Jia Rui comete el error de mirarse

en el espejo de la brisa y la luna.

Mantenían Xifeng y Pinger esa conversación en el capítulo anterior cuando en eso fue anunciada la llegada de Jia Rui.

—Que pase —ordenó Xifeng inmediatamente.

Encantado de haber sido recibido por fin, Jia Rui la saludó irradiando efusivas sonrisas. Ella, por su parte, le ofreció asiento con grandes muestras de consideración y lo invitó a tomar té. Él se sintió como en éxtasis cuando la vio vestida con ropa liviana dé andar por casa, y mientras ardía en deseo le preguntó:

—¿Cómo no ha llegado todavía tu esposo Jia Lian?

—No sé —contestó ella.

—¿No será que se ha encontrado por el camino con alguien que le impide volver a su hogar? —sugirió Rui entre risitas.

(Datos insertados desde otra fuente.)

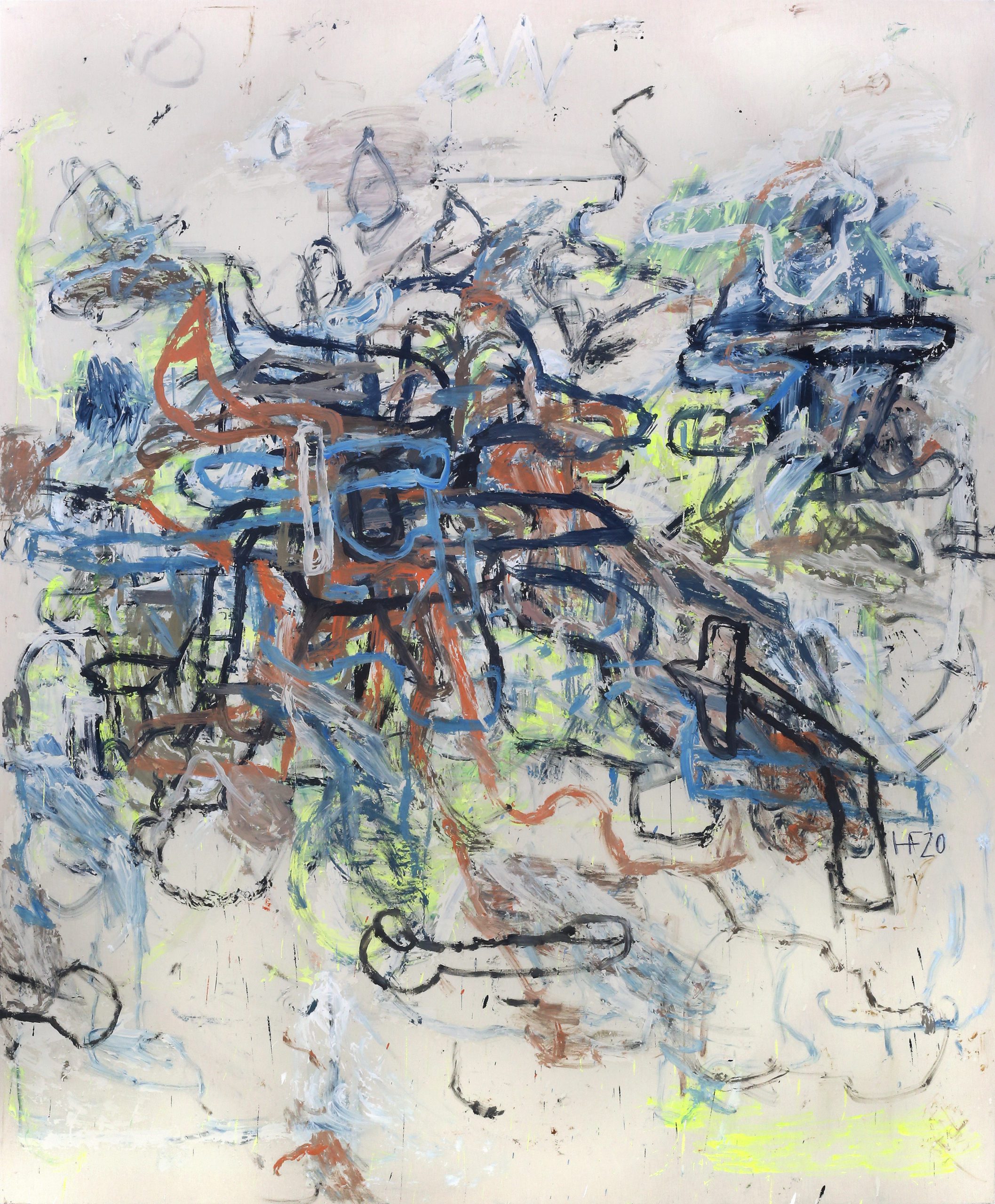 Habib Farajabadi is known for his perseverance in abstraction, continuity, and empiricism. His works usually float in the world between his conscious and unconscious. Using the all-over composition, Farajabad creates tension through the use of forceful tools’ trace of paint on unprimed canvas and powerful concentrations of rudimentary marks, often layered on top of each other. Farajabadi’s sensitive and highly energetic gestural paintings escape any geographical categorisations but instead relate to recent developments and the history of the medium painting.

—Es posible. Los hombres sois así; cualquier cara bonita os embruja.

—No todos, cuñada. Yo no soy de ésos.

—¿Pero cuántos hay como tú? Ni uno entre diez.

Jia Rui, loco de alegría por el halago de Xifeng, se frotó las orejas y las mejillas e insinuó:

—Seguro que te aburres mucho, sola durante todo el día.

—Cierto —contestó ella—. De hecho siempre estoy esperando que alguien me visite para entretenerme con su charla.

—Yo tengo mucho tiempo libre, cuñada, ¿te gustaría que viniese a distraerte todos los días?

—Bromeas —respondió Xifeng riendo—. ¿Cómo puedo esperar que vengas todos los días?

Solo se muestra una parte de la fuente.